**Requirement:** With the pictures excluded, reproduce all of the data exactly.

**Given information:**
╭──

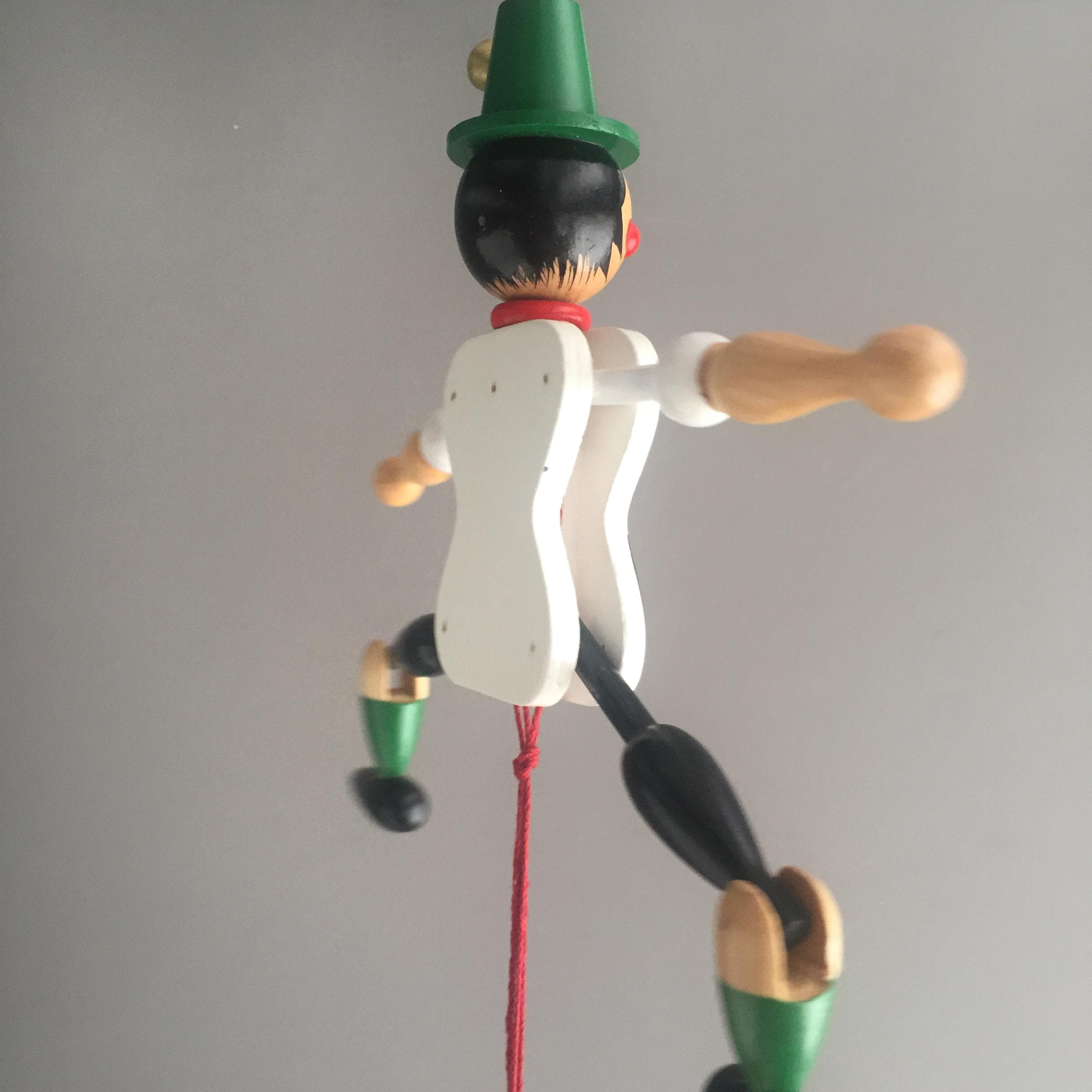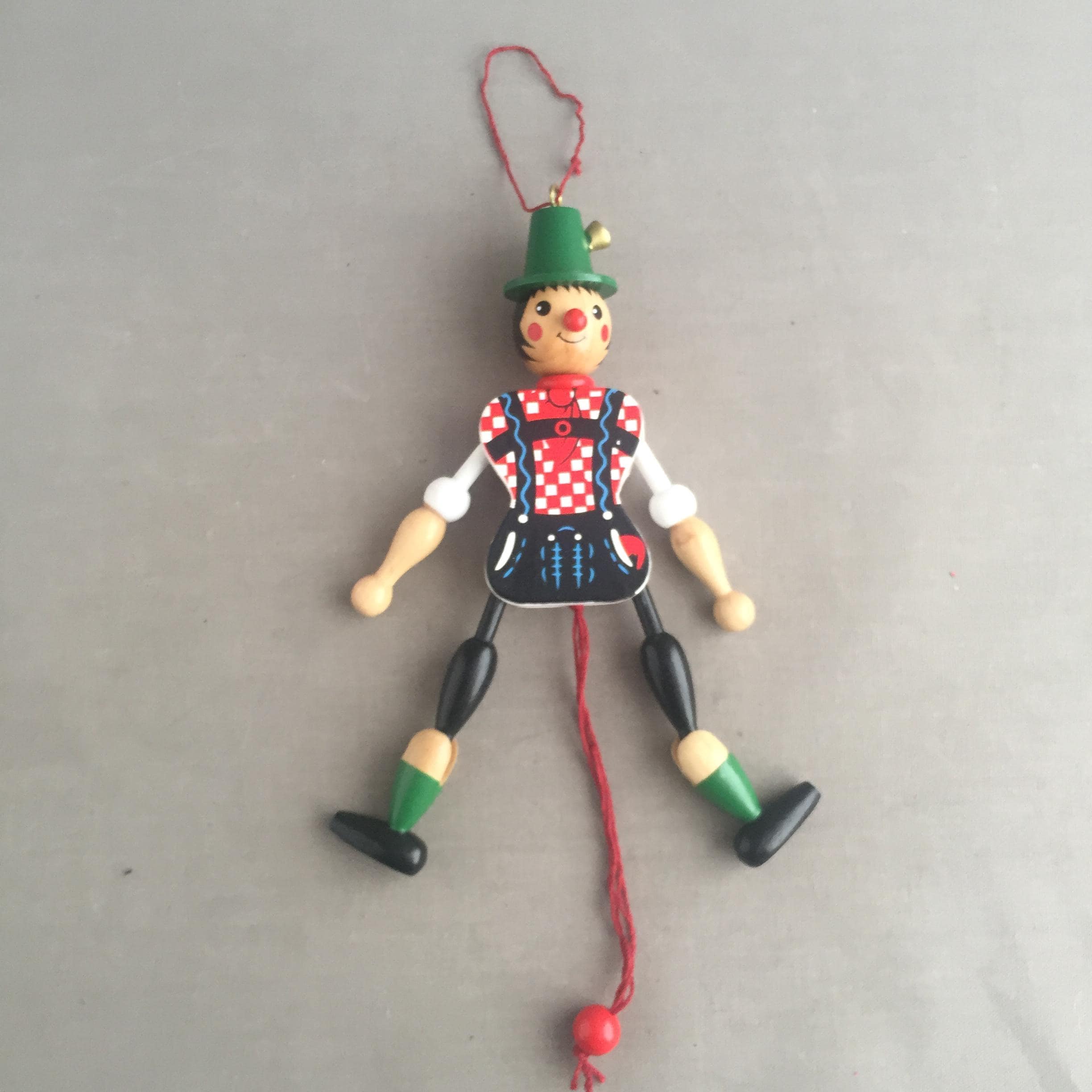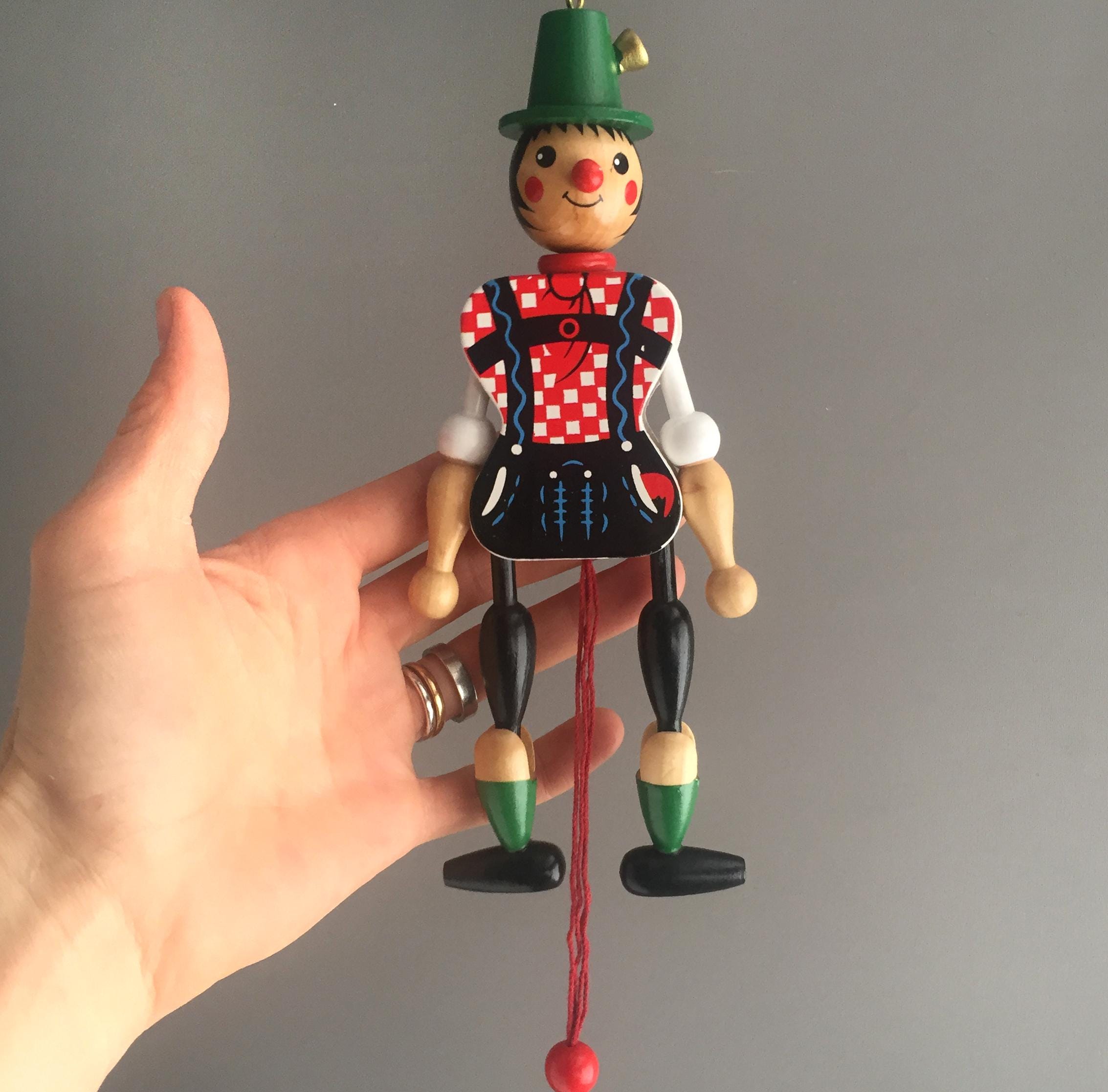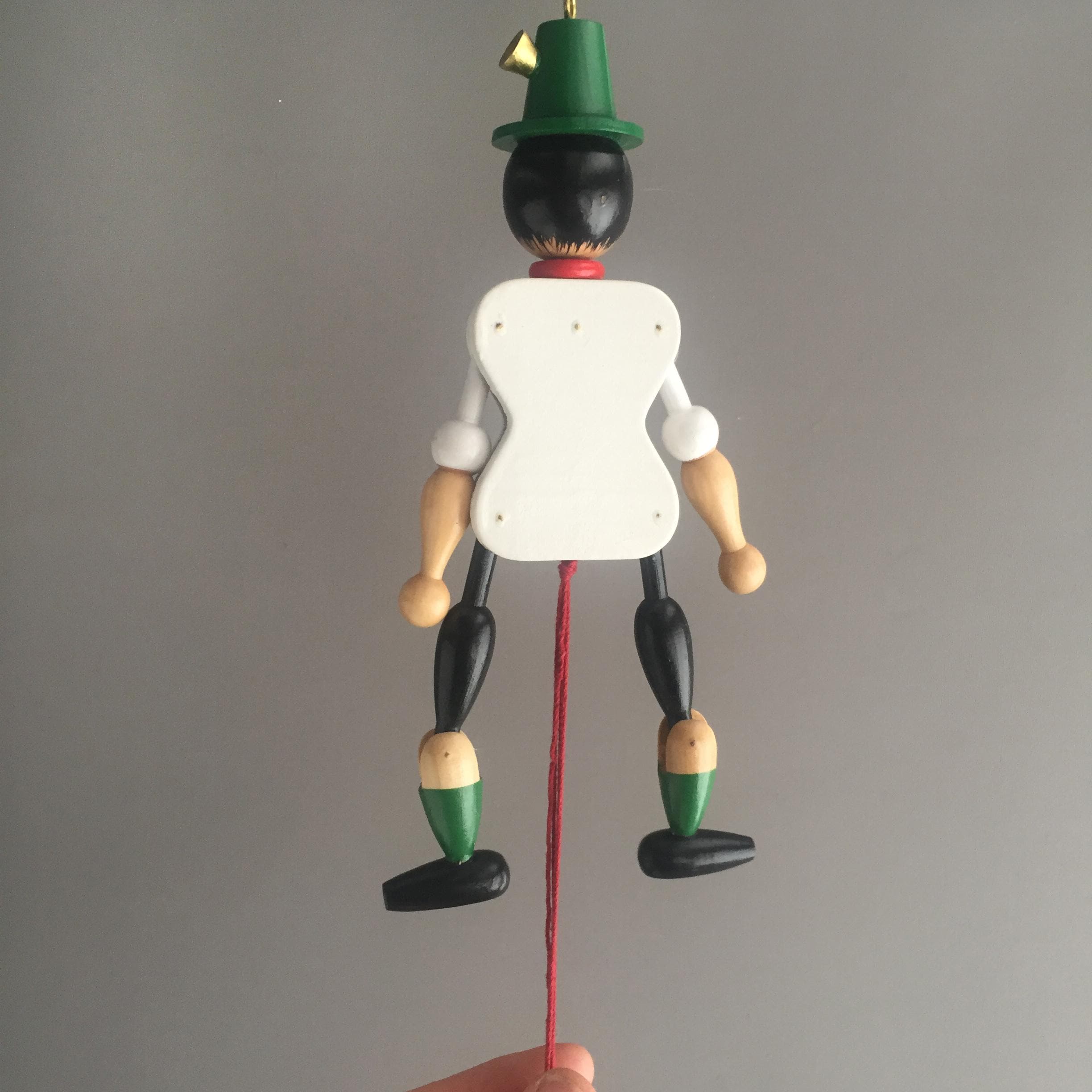 It is a jointed flat wooden figure with a pull string at the bottom.
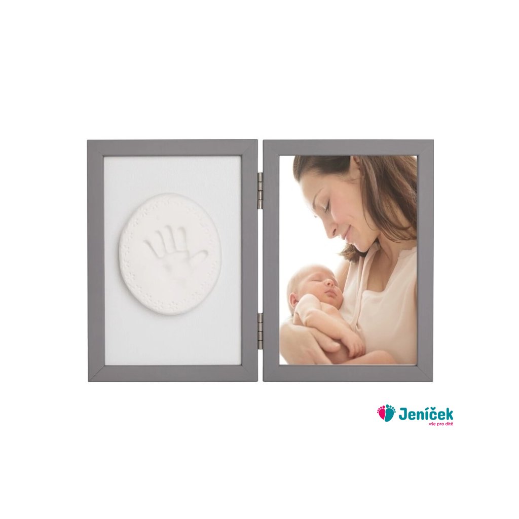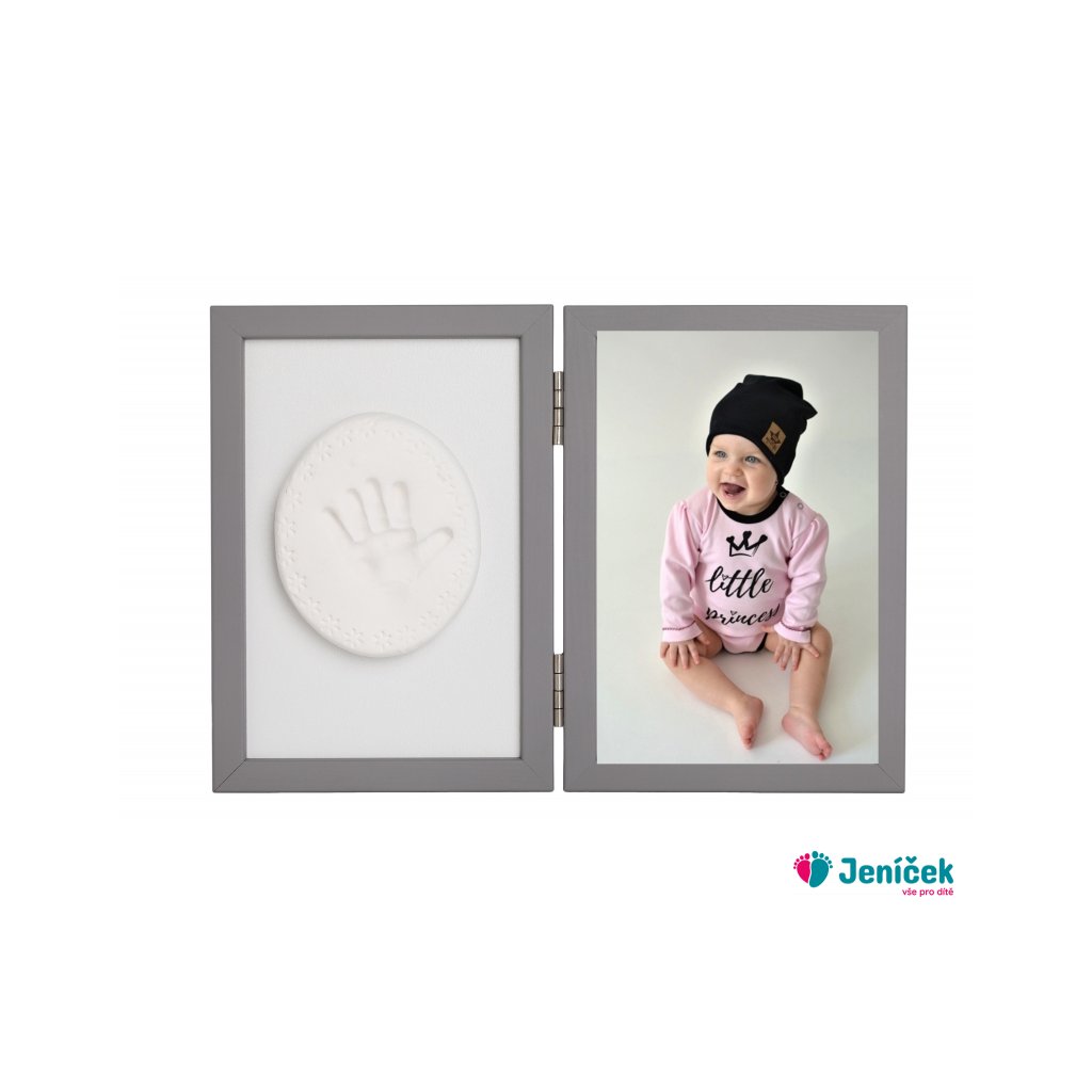 Sada na otisk miminka -dvojitý rámeček s modelínou pro otisk ručičky nebo nožičky, šedý
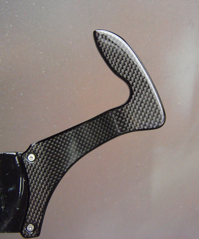 These carbon fiber paddles are the same size and shape as stock Cambiocorsa paddles. The beautiful, handcrafted paddles feature a thick, durable urethane clear coat, polished to a mirror-like shine, that feels great and looks even better. They are sold as a pair, and will fit on the Coupe and Spyder using stock fasteners. “Down” and “Up” text, applied underneath clearcoat, is optional.

╰──

**Written solution:**
 It is a jointed flat wooden figure with a pull string at the bottom.
 Sada na otisk miminka -dvojitý rámeček s modelínou pro otisk ručičky nebo nožičky, šedý
 These carbon fiber paddles are the same size and shape as stock Cambiocorsa paddles. The beautiful, handcrafted paddles feature a thick, durable urethane clear coat, polished to a mirror-like shine, that feels great and looks even better. They are sold as a pair, and will fit on the Coupe and Spyder using stock fasteners. “Down” and “Up” text, applied underneath clearcoat, is optional.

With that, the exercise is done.